WHAT IS REQUIRED → Although pictures appear in the data, the answer should contain only the lines from its start through the line with "チャイルドの誕生日、そして身", written out exactly.

Dataset excerpts →
* * * * * * * * *

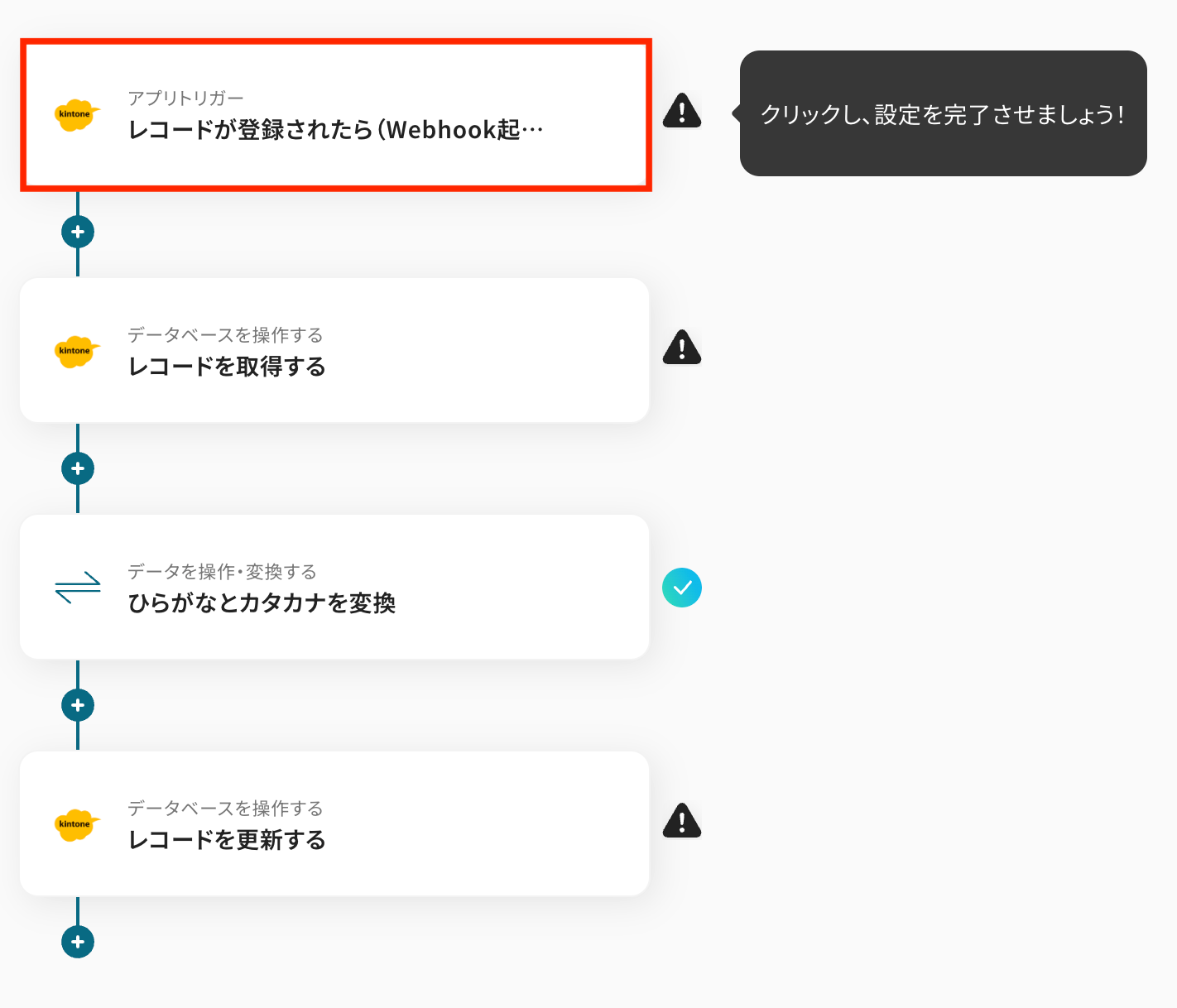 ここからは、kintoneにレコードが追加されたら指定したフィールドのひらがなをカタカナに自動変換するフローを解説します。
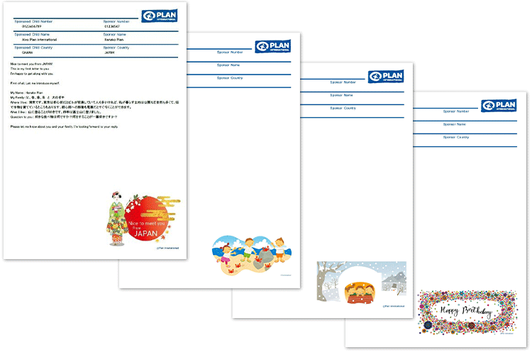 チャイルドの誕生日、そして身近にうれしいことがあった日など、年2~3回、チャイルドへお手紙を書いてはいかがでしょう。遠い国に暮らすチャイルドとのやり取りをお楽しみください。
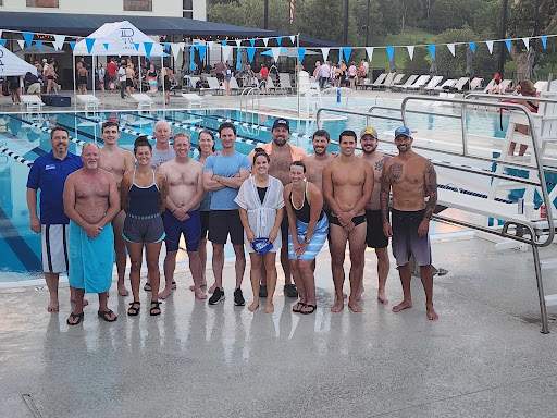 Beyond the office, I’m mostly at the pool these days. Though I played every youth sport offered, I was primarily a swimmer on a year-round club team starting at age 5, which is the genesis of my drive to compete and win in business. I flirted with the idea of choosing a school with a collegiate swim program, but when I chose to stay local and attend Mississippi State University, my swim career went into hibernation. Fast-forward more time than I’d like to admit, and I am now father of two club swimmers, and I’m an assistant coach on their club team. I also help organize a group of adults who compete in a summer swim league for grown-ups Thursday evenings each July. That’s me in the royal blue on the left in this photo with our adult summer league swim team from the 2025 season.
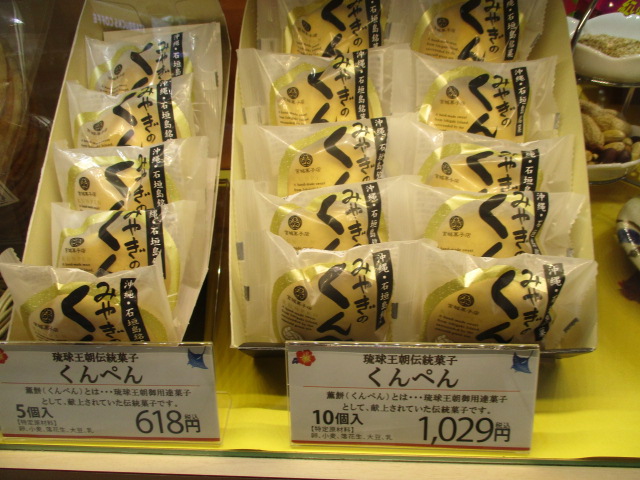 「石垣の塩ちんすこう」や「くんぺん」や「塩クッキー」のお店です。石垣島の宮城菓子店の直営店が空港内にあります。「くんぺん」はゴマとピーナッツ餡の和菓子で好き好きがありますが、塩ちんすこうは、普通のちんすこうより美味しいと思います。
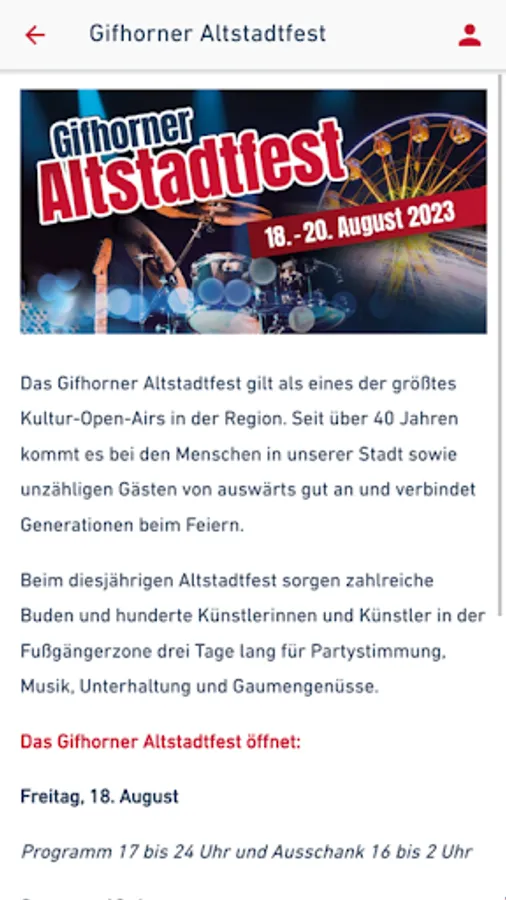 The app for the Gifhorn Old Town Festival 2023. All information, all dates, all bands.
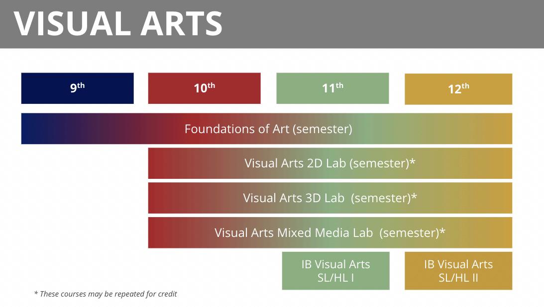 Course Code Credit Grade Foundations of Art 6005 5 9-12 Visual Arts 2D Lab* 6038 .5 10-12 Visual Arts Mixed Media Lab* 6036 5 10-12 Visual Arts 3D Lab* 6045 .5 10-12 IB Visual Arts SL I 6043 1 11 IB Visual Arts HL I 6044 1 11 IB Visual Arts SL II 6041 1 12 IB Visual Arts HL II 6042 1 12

* * * * * * * * *

OUTPUT BELOW →
 ここからは、kintoneにレコードが追加されたら指定したフィールドのひらがなをカタカナに自動変換するフローを解説します。
 チャイルドの誕生日、そして身近にうれしいことがあった日など、年2~3回、チャイルドへお手紙を書いてはいかがでしょう。遠い国に暮らすチャイルドとのやり取りをお楽しみください。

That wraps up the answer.